— Dataset excerpt —
• • •

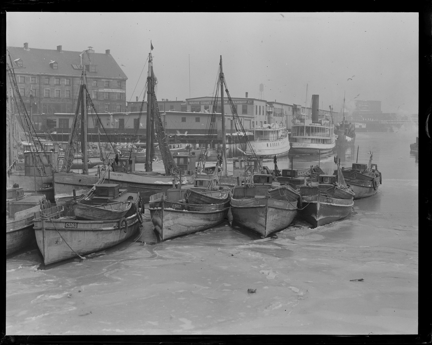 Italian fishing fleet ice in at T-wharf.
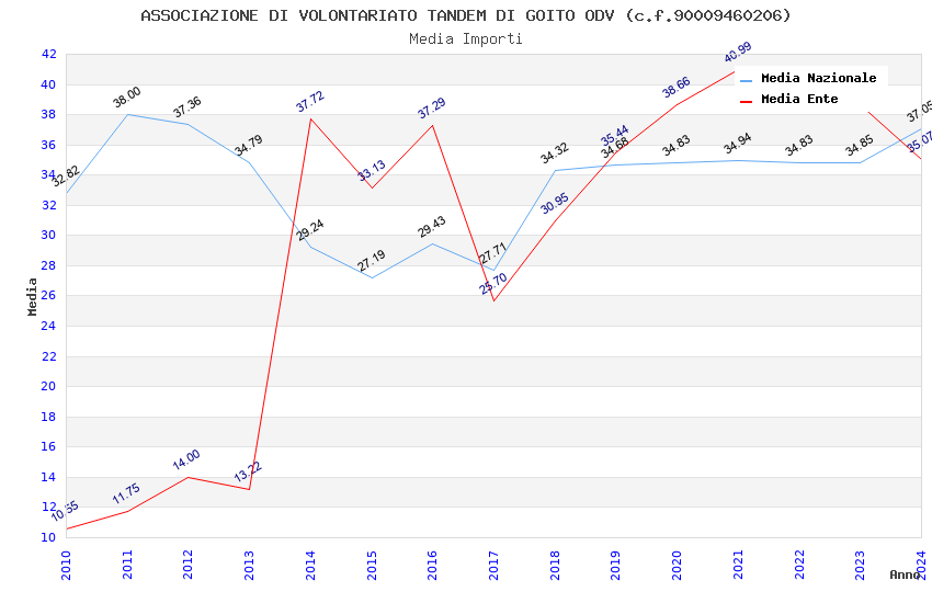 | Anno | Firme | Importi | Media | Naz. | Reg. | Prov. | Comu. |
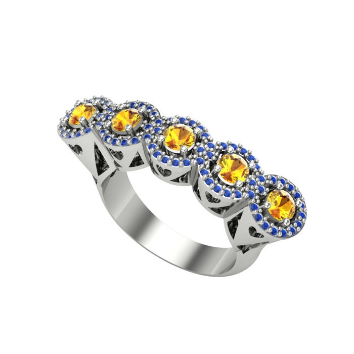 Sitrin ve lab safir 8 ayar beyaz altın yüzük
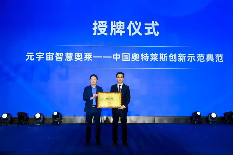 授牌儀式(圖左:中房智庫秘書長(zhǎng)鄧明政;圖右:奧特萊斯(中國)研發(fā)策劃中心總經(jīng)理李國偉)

• • •

— Work request —
Extract the lines beginning with the one that contains "Sitrin ve lab safir 8 ayar beyaz altın yüzük" and ending with the last line of the listing. Keep them exact and drop the pictures.

— Expected output —
 Sitrin ve lab safir 8 ayar beyaz altın yüzük
 授牌儀式(圖左:中房智庫秘書長(zhǎng)鄧明政;圖右:奧特萊斯(中國)研發(fā)策劃中心總經(jīng)理李國偉)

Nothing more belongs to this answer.